[Opening SUPPLIED INFORMATION section]

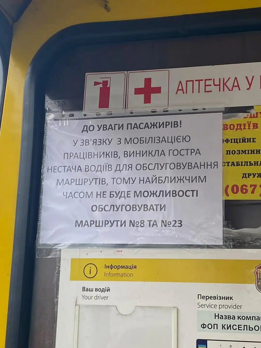 «До уваги пасажирів! У зв’язку з мобілізацією працівників виникла гостра нестача водіїв для обслуговування маршрутів, тому найближчим часом НЕ БУДЕ МОЖЛИВОСТІ ОБСЛУГОВУВАТИ МАРШРУТИ №8 та №23».
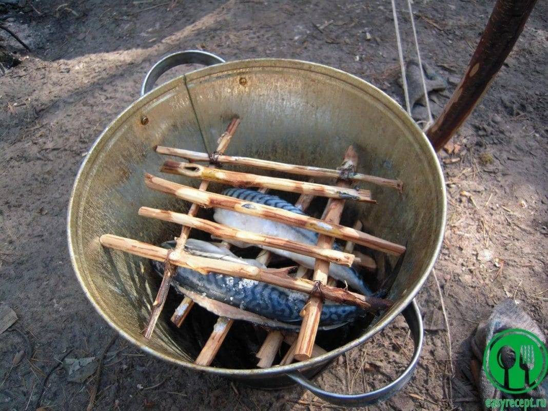 Фото 1. Процесс приготовления рыбы на коптильне, изготовленной своими руками. Продукты выкладываются на специальную решётку.
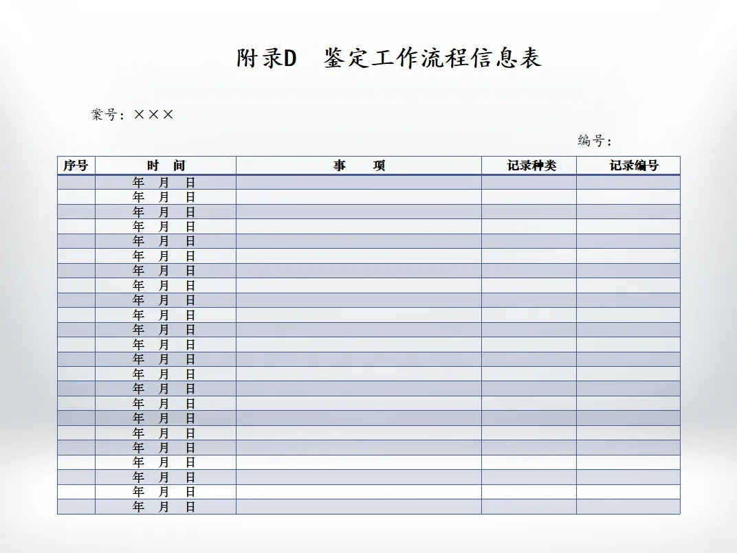 3.鉴定人应建立《鉴定工作流程信息表》,将鉴定过程中每一事项发生的时间、事由、形成等进行完整的记录,并进行唯一性、连续性标识。
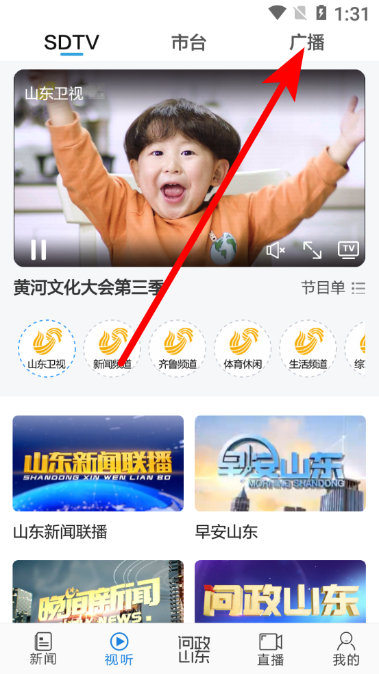 2、在視聽頁面,點擊上方廣播選項,進入廣播頻道選擇頁面。
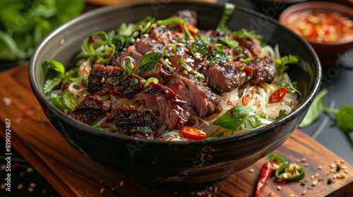 Thai beef noodle bowl being prepared, showcasing the ingredients being cooked
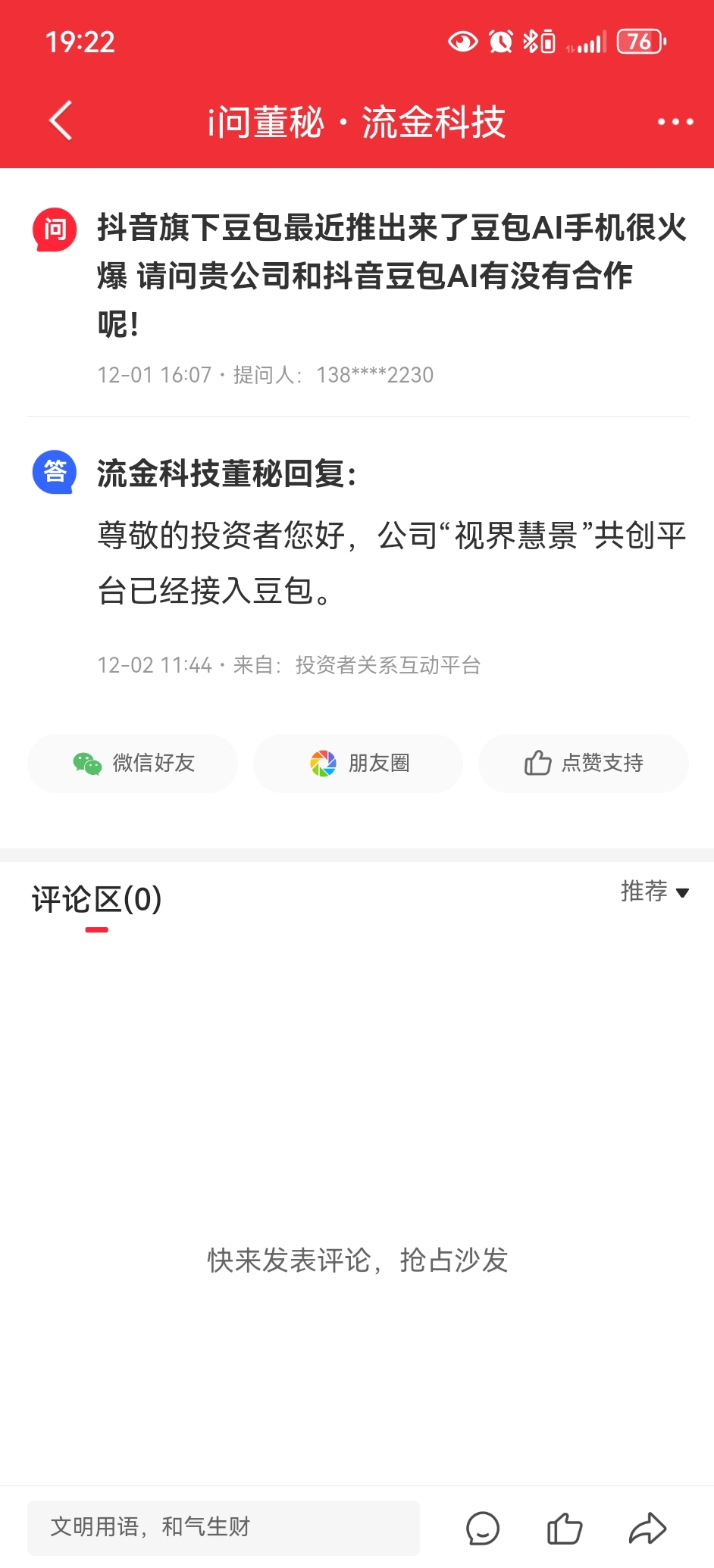 一起为流金科技添加“豆包”概念问贵公司和抖音豆包AI有没有合作呢!流金科技董秘回
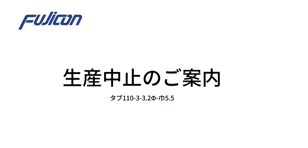 新着情報 2026年2月6日(金) 製品情報 お知らせ 生産中止のご案内【タブ110-3-3.2Φ-巾5.5】 「タブ110-3-3.2Φ-巾5.5」生産中止のご案内です。 ◇対象品目 ・F2035F-110-3 シリーズ ・F2061AXF-9289 シリーズ ◇代替機種 代替品は御座いません。 ★詳細は以下PDFの書面をご確認願います。 タブ110-3-3.2Φ-巾5.5生産中止のご案内 新着情報一覧
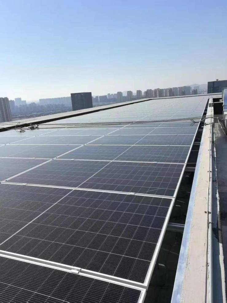 大面积铺设太阳能光伏板,楼顶光伏发电,楼下充电桩充电,自发自用,余电上网,有效降低园区能耗,为企业主削减长期运营成本。
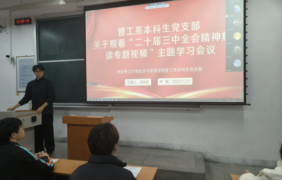 为深入学习和贯彻党的二十届三中全会精神,准确把握新时代全面深化改革的重点和方向,williamhill英国威廉希尔管工系本科生党支部于11月27日晚上在教10-217教室举办了党的二十届三中全会精神解读专题视频学习会,会议由支部副书记马培森主持。
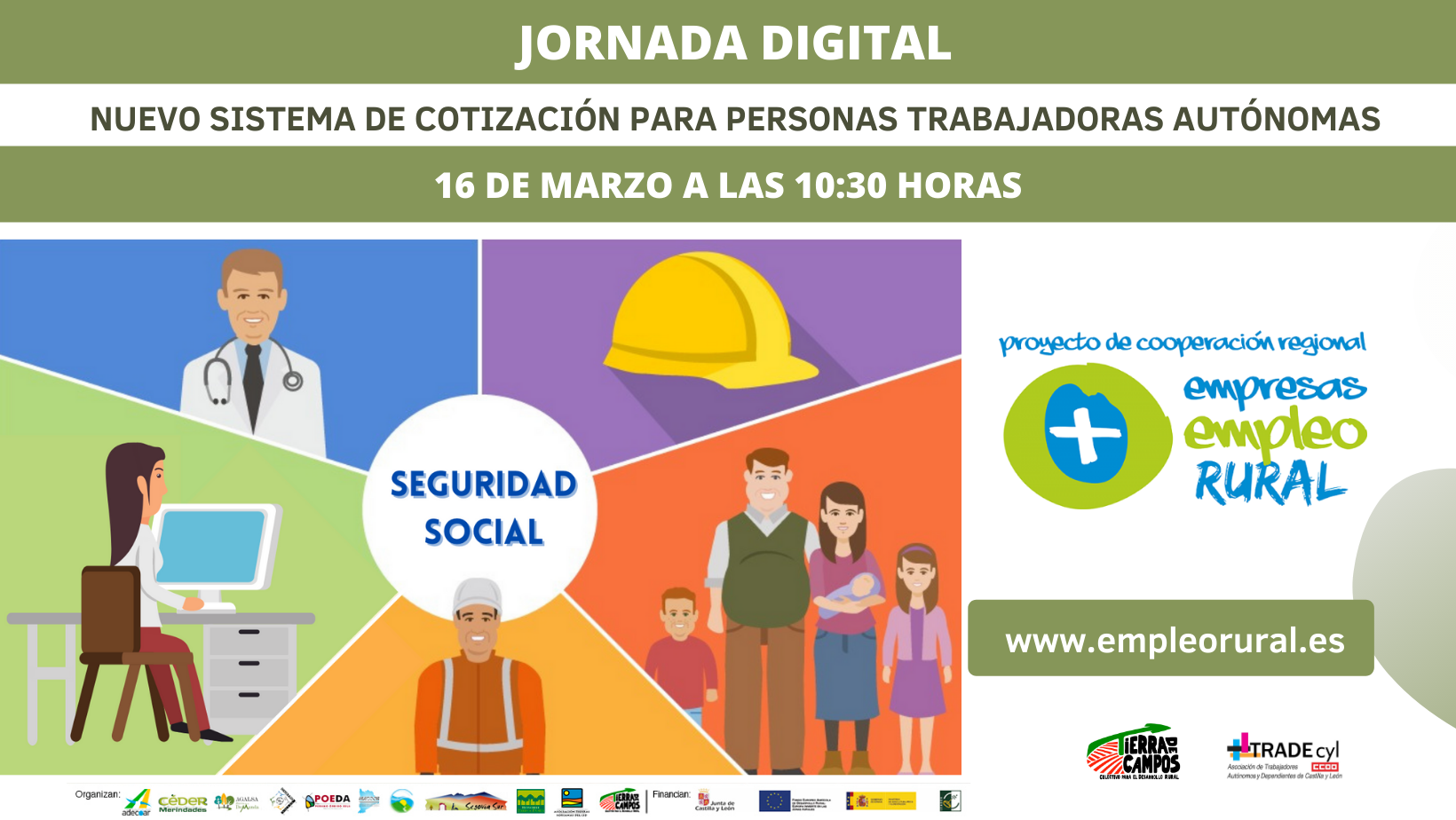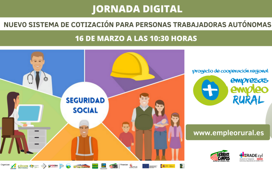 La Asociación Colectivo para el Desarrollo Rural de Tierra de Campos, en el marco del proyecto de cooperación regional LEADER ´+EMPRESAS +EMPLEO +RURAL´ en colaboración con TRADECYL, la asociación de trabajadores autónomos y dependientes de Castilla y León, hemos organizado una JORNADA DIGITAL informativa sobre el nuevo sistema de cotización para personas trabajadoras autónomas.
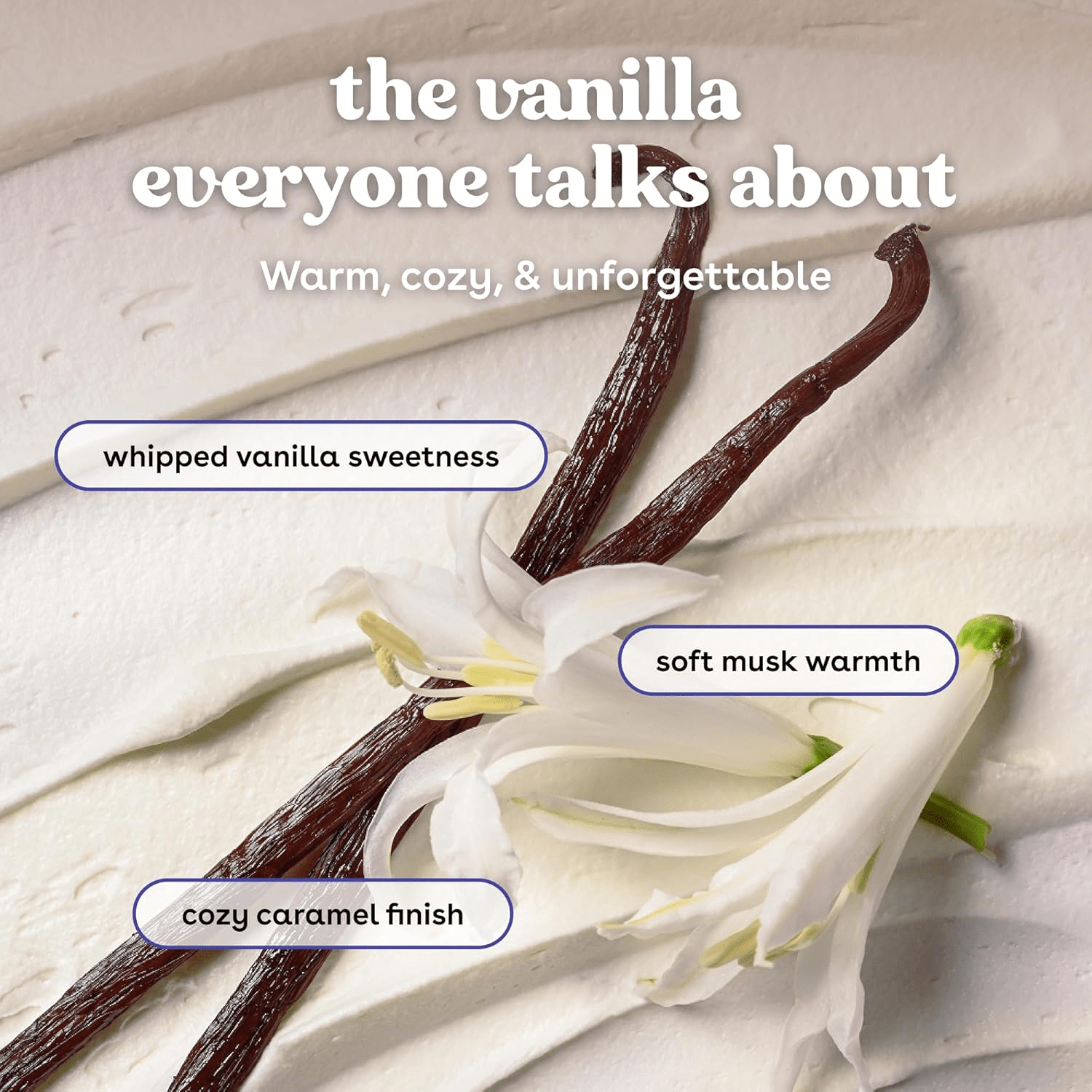 • VANILLA CASHMERE: Indulge in our delectable Vanilla Cashmere scented body lotion with notes of whipped vanilla, soft musk, and cozy caramel, offering a comforting sensory experience.

[Closing SUPPLIED INFORMATION section]

From the records above, copy exactly the lines starting at the one with "3.鉴定人应建立《鉴定工作流" and ending at the one with "为深入学习和贯彻党的二十届三", and no others. Pictures stay out.

 3.鉴定人应建立《鉴定工作流程信息表》,将鉴定过程中每一事项发生的时间、事由、形成等进行完整的记录,并进行唯一性、连续性标识。
 2、在視聽頁面,點擊上方廣播選項,進入廣播頻道選擇頁面。
 Thai beef noodle bowl being prepared, showcasing the ingredients being cooked
 一起为流金科技添加“豆包”概念问贵公司和抖音豆包AI有没有合作呢!流金科技董秘回
 新着情報 2026年2月6日(金) 製品情報 お知らせ 生産中止のご案内【タブ110-3-3.2Φ-巾5.5】 「タブ110-3-3.2Φ-巾5.5」生産中止のご案内です。 ◇対象品目 ・F2035F-110-3 シリーズ ・F2061AXF-9289 シリーズ ◇代替機種 代替品は御座いません。 ★詳細は以下PDFの書面をご確認願います。 タブ110-3-3.2Φ-巾5.5生産中止のご案内 新着情報一覧
 大面积铺设太阳能光伏板,楼顶光伏发电,楼下充电桩充电,自发自用,余电上网,有效降低园区能耗,为企业主削减长期运营成本。
 为深入学习和贯彻党的二十届三中全会精神,准确把握新时代全面深化改革的重点和方向,williamhill英国威廉希尔管工系本科生党支部于11月27日晚上在教10-217教室举办了党的二十届三中全会精神解读专题视频学习会,会议由支部副书记马培森主持。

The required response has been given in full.